Michael McGuffin, president of the American Herbal Products Association, said laws such as Rep. Khan’s cannot be allowed to go through, because it would create an unworkable tangle of regulation that ultimately would hurt consumers.

“When the groups in this industry address these issues, whether it’s APHA, or CRN, or NPA, we are advocating for consumers. A main point of contention here is that we need to support harmonized regulation in all 50 states to support interstate commerce that is properly regulated. That’s good for all Americans as well as for this industry,”​ he said.

“This is a well regulated class of goods. There are already excellent controls in place. Clearly Rep. Khan disagrees,” ​McGuffin added.

Steve Mister, president and CEO of CRN, said the effort to specially regulate these products in Massachusetts is built upon what his organization believes is a faulty premise.

“There are a few people who seem to have convinced  themselves that there is a relationship between dietary supplements and various eating disorders, body dysmorphia disorders, those kinds of things.  They seem to believe that if they can just restrict or disincentivize the sale of these products the problem will get better.  But it won’t, because there is no causal connection between the two,”​ he said.
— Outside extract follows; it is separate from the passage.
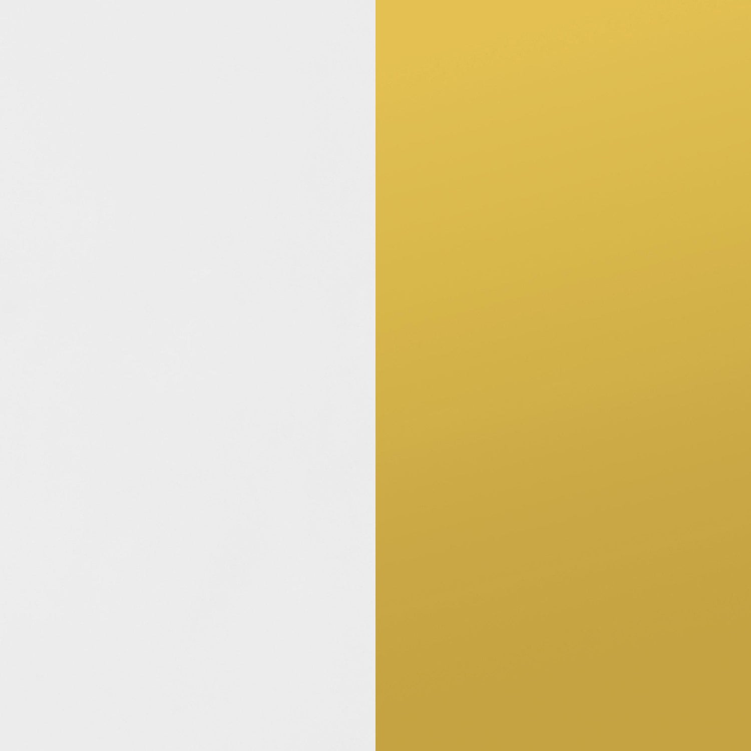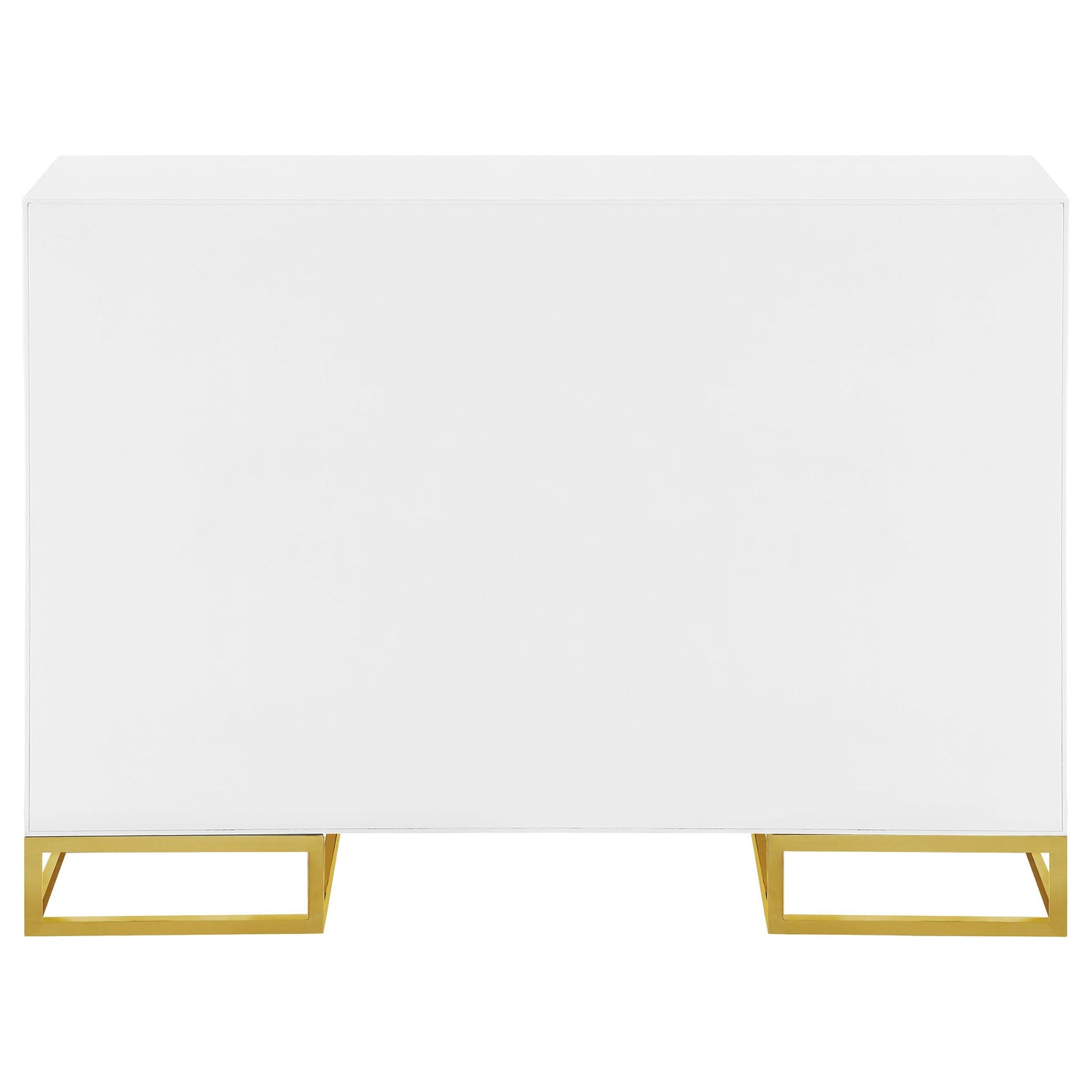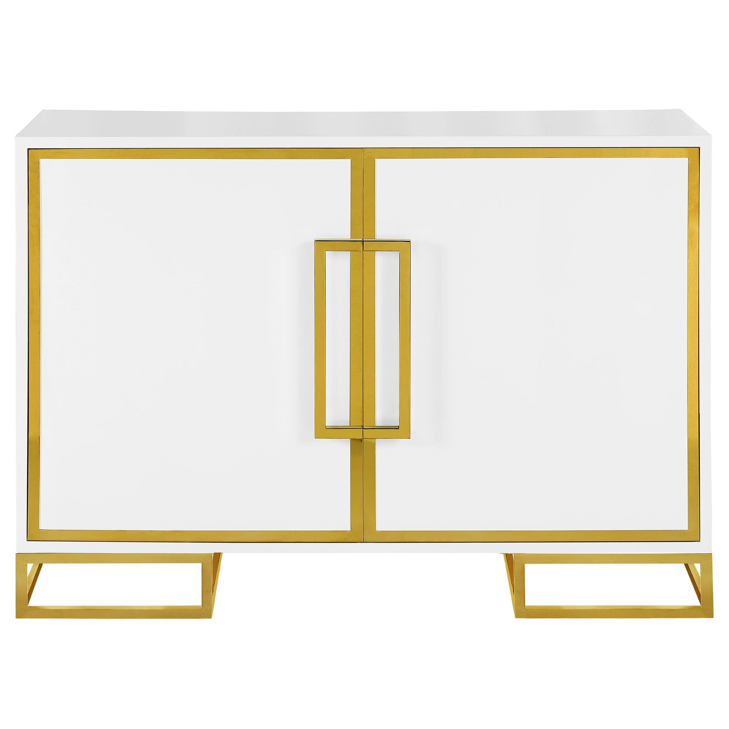 - Sleek accent cabinet with bright white finish and glamorous gold trim

Taxation paper adds fuel to fire

The controversy surrounding the sale of these products in Massachusetts was inflamed recently with the publication of a paper from a group of researchers associated the T.H. Chan School of Public Health at Harvard University. In September 2018 the group published a paper titled “Could a tax on unhealthy products sold for weight loss reduce consumer use? A novel estimation of potential taxation effects.”​  The paper was published in the journal Preventive Medicine​.
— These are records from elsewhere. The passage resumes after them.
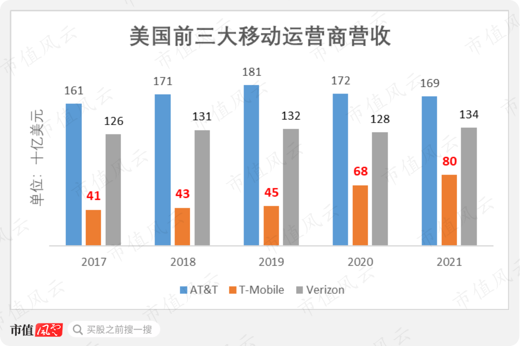 縱觀過去10年,T-Mobile先是超越了Sprint,在美國大型移動運營商中的排名從第四上升至第三,后又一舉收購該競爭對手,形成了美國電信服務業如今「三足鼎立」的局面。
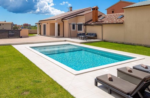 Welcome to our stunning holiday home located in Bibići! This spacious retreat is perfect for up to 8 people and offers a serene escape surrounded by natural beauty. The highlight of the property is its large garden, complete with a charming pergola where you can relax and soak in the tranquil atmosphere. Indulge in the refreshing swimming pool, with a delightful hydromassage feature. You can spend lazy afternoons lounging by the poolside, enjoying the warm sun and cool breeze. Adjacent to the pool, there is a roofed outdoor kitchen equipped with a barbecue area, perfect for hosting memorable cookouts with friends and family. For your convenience, there is a separate toilet near the outdoor area, ensuring easy access without having to go inside the house. Inside, you'll find three double bedrooms, each providing a comfortable and private space for a restful night's sleep. Two of the bedrooms feature en-suite bathrooms, offering added privacy and convenience, while the third bedroom has a separate bathroom. The living room is a cozy haven, complete with a convertible sofa that can accommodate two additional guests. You can unwind here, enjoying the company of your loved ones or catching up on your favorite shows. The well-equipped kitchen allows you to prepare delicious meals during your stay. Located in Bibići, this holiday home is conveniently situated just 18 km away from the nearest beach. Additionally, the beautiful medieval town, located a mere 3 km away, offers a captivating glimpse into history and culture. With its stunning amenities, convenient location, and comfortable accommodation, our holiday home in Bibići promises to make your vacation truly memorable.
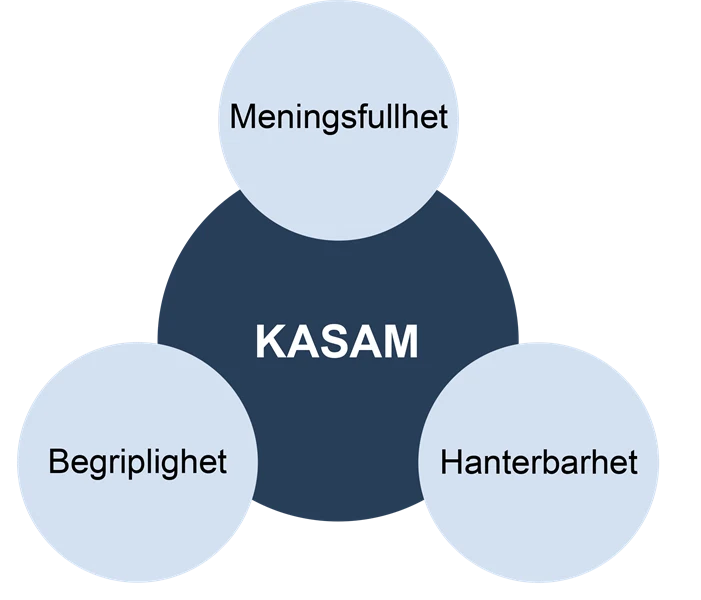 Bild: Meningsfullhet, hanterbarhet och begriplighet skapar en känsla av sammanhang, KASAM. Bild efter Antonovsky, 1991.
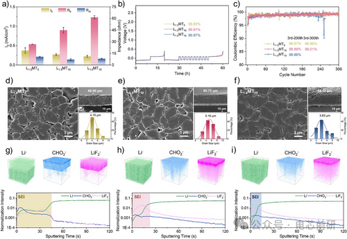 图4. MODL基LUCEs对锂负极的界面动力学与稳定性研究。a) 通过对称Li||Li电池的Tafel曲线和电化学阻抗谱获得的交换电流密度、体相阻抗和电荷转移阻抗。误差棒来源于三次平行实验。b) 通过Aurbach方法测试的锂沉积/剥离库仑效率,以及c) Li||Cu半电池的长循环性能。d) L₁.₅MT₅、e) L₁.₅MT₁₀和f) L₁.₅MT₁₅电解液中铜箔上锂沉积的俯视图(左)、截面图(右上)及相应的晶粒尺寸分布(右下)。g) L₁.₅MT₅、h) L₁.₅MT₁₀和i) L₁.₅MT₁₅电解液中沉积锂表面形成SEI的TOF-SIMS三维视图(上)及代表性二次离子碎片的深度分布图(下)。

“Taxation may be an effective public health strategy to reduce purchasing of these potentially dangerous OTC drugs and supplements and may be most protective for households with teens and daughters,”​ the authors argued.

Mister sent in a commentary on the paper,​ which the journal published. He argued that what lead author S. Bryn Austin and her fellow researchers called “abuse” was merely data representing widespread use of lawfully sold products. Mister said the authors also misrepresented data from adverse event reports and emergency room visits to support their hypothesis.
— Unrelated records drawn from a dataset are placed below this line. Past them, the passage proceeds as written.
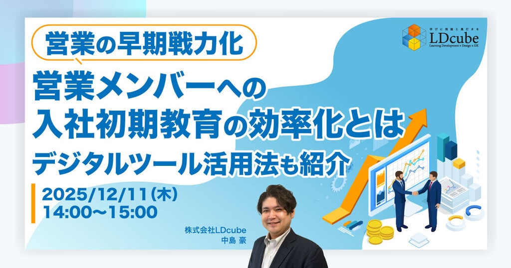 12/11開催|【営業の早期戦力化】営業メンバーへの入社初期教育の効率化とは~デジタルツール活用法も紹介~無料ウェビナー
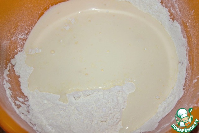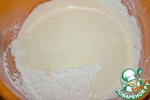 В мучную смесь вливаем молочную. Тщательно вымешиваем, лучше венчиком, чтобы не было комочков.
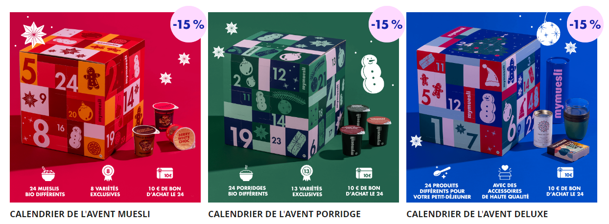 👉 My Muesli propose ainsi pour les fêtes de fin d’années trois calendriers de l’avent pour un max de plaisir : Deluxe, Porridge et Muesli.
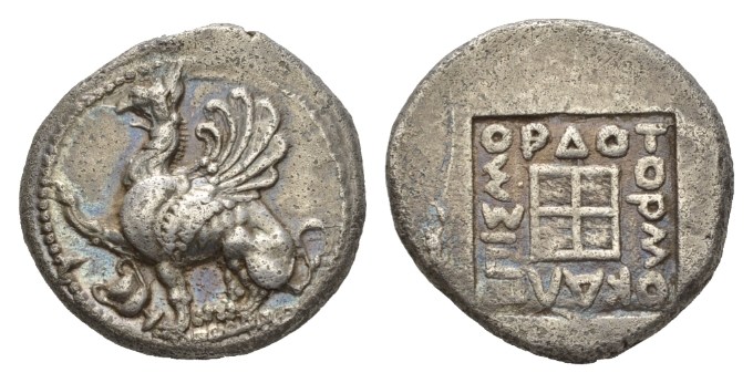 Thrace, Abdera Tetradrachm 473-448, AR 26.5mm., 14.69g. Griffin seated left, r. forepaw raised; in front kantharos. Rev. ΕΠIΣMOPΔOTOPMOKAΛ within incuse square. SNG Spencer-Churchill 100 (this obverse die). SNG Lockett 1124 (this reverse die). May 137.
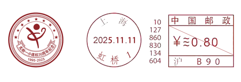 现定于2025年11月11日启用《龙柏一小建校30周年纪念》YFM118E型邮资机戳1枚。邮资机戳使用期限:2025年11月11日-2025年11月12日。 因活动需要,11月11日盖戳地址:上海市闵行区黄桦路110弄龙柏第一小学(9:30-16:30)。联系手机:13816100783。 11月12日发售及收寄网点:金汇花园邮政所。咨询电话:64025342。 特此公告。 附图:(以实物为准) ![]()
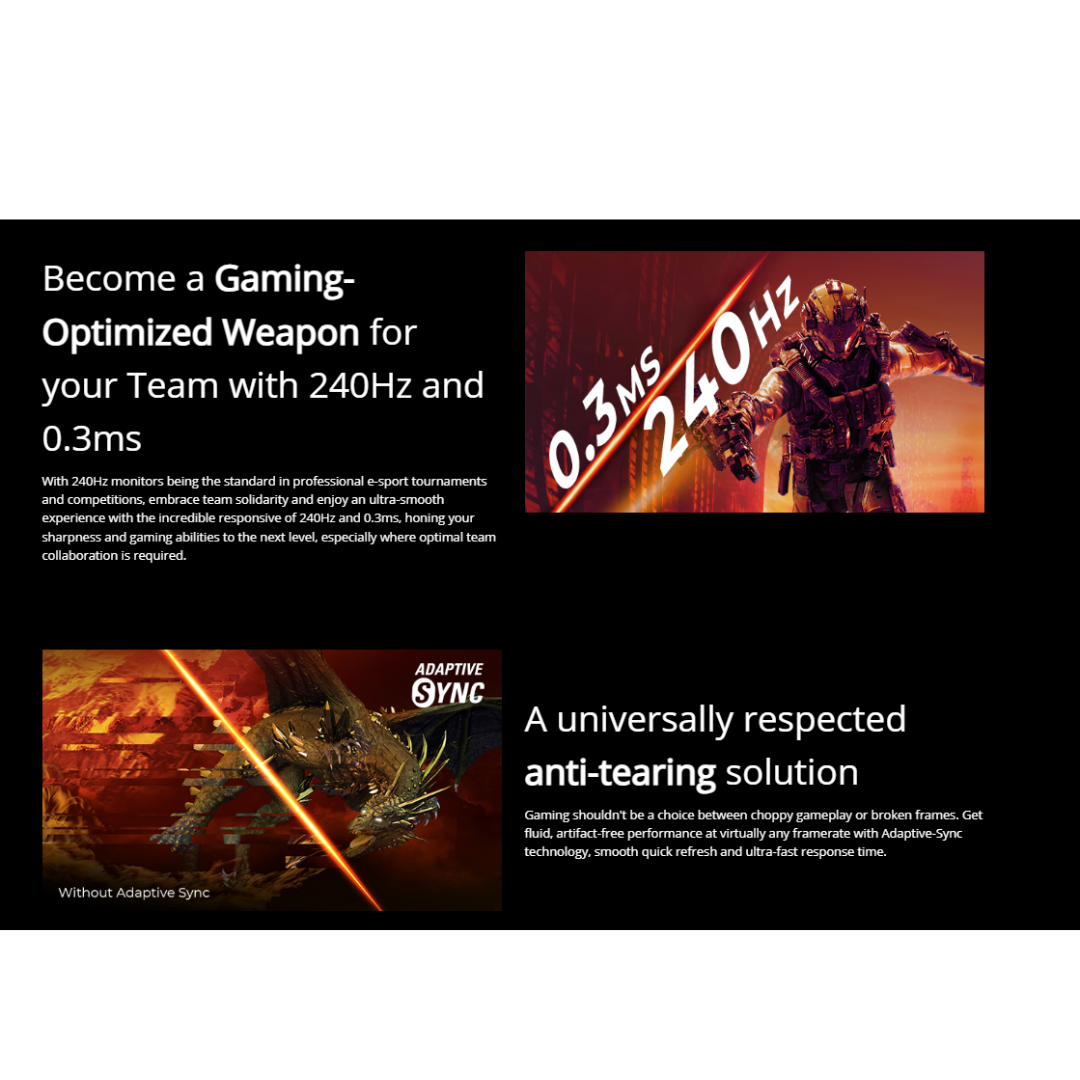 24G11ZE is a 23.8 inch gaming monitor, with Fast IPS, Adaptive Sync, 240Hz, 0.3ms, FHD @ 1920 x 1080 px, HDR10, 3-Sided Frameless, Low input lag, Flicker Free, Low Blue Mode. The e-sports professional standard for gamingWith a 240Hz refresh rate and 0.3ms response time, your display willbe equipped to perform at the pro gaming standard. Enjoy anultra-smooth experience with no visible screen blur to ensure you're always prepped to win.
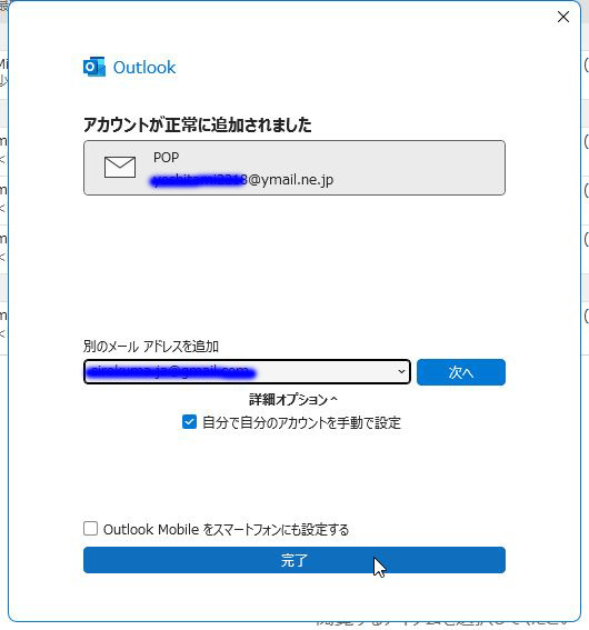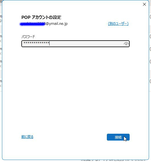続 Outlook(Classic) POPでアカウント作成 「POP」をクリック 投稿者松本 投稿日2025/11/07(Fri) 14:39 No.561 続 Outlook(Classic) POPでアカウント作成 パスワードを入力「接続」をクリック 投稿者松本 投稿日2025/11/07(Fri) 14:40 No.562 続 Outlook(Classic) POPでアカウント作成 POPアカウントの設定内容を記入 「次へ」をクリック 投稿者松本 投稿日2025/11/07(Fri) 14:41 No.563 続 Outlook(Classic) POPでアカウント作成 アカウントが正常に追加されるとOK 「完了」をクリック 投稿者松本 投稿日2025/11/07(Fri) 14:42 No.564

“The authors' mischaracterization that usage of these products without consultation of a healthcare professional is ‘abuse’ shows open hostility toward consumer self-care. Moreover, no evidence of causality between use of OTC products and eating disorders is offered to support this hypothesis. This lack of causal data exposes public policy recommendations unsupported by facts,” ​he wrote. 

No new wave of state laws

McGuffin said that while this is the third go round for Rep. Khan’s legislation, he does not necessarily see a wave building for activist legislatures to regulate dietary supplements on a state-by-state basis. 

He characterized recent attempts at new state rules on supplements in Puerto Rico and Arizona more as revenue grabs rather than a dissatisfaction with the scope of federal regulation. But he said the threat of these state-based regulations is something the industry needs to remain vigilant about.

“If we could go back to 1994, we would have gotten a preclusion of state law written into DSHEA,” ​he said.